Doomsday survivalist: A Guide to Servive!

Rule 10: Target

The group filed out of Mike's safehouse into the humid night air, the kind that clung to your skin and made every breath feel heavier. Rayco walked a step behind the others, his mind churning like an engine that wouldn't quit. The determination he'd felt back in the room was still there, solid in his gut, but underneath it sat that old, familiar dread—the same one that had crawled up his spine right before the Tyrant had ended him last time. Not panic. Just the quiet knowledge that one wrong move could unravel everything.

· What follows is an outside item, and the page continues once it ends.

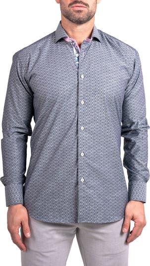 Pops of contrast hiding in the collar and placket bring unexpected energy to a shirt tailored from geo-patterned cotton in a physique-hugging fit that still gives you room to move in comfort. The lower hem stays tucked if you want and looks great when you leave it out.

Elisia fell in beside him, her shoulder brushing his. She didn't say anything at first, just matched his pace, her fingers twitching like she wanted to grab his hand but thought better of it. The faint scent of antiseptic from earlier still lingered on her, mixing with the distant smell of rain on concrete.

"You okay?" she finally asked, voice low enough that only he could hear.

Rayco glanced at her. Her eyes were steady now, no more tears from yesterday, but the worry lines around them hadn't faded. "Yeah. As okay as I can be when the guy who tortured me for fun has the one scientist we need locked in his pocket."

She let out a soft huff that wasn't quite a laugh. "We knew this was going to get messy. But... hearing it out loud like that. It hits different."

Jake overheard and slowed down to join them, his usual swagger dialed back a notch. "Messy is putting it lightly. We're talking government shadow games while the world's about to freeze over. Feels like we're playing chess with a guy who already ate half the board."

Marcus, walking ahead with Ghelle and Cyrus, glanced back. "Less talking, more moving. Mike's got a lead on one of Suarez's old lab assistants. Quiet meet-up in an hour."

The drive to the rendezvous point was tense, the van's tires humming over cracked roads while the city lights flickered past like dying stars. Rayco stared out the window, watching the streets blur. In his first timeline, cities like this had emptied out fast once the ice set in—cars abandoned, buildings gutted for firewood. Now they were still full of people going about their nights, oblivious. He rubbed the fading bruise on his cheek and felt the weight of every second ticking by.

The meet-up was in a dingy back room of a closed noodle shop, the kind of place that smelled like old oil and desperation. Mike's contact was a wiry woman named Lena, mid-forties, with nervous hands that kept fiddling with a cigarette she never lit. She slid a thumb drive across the table without preamble.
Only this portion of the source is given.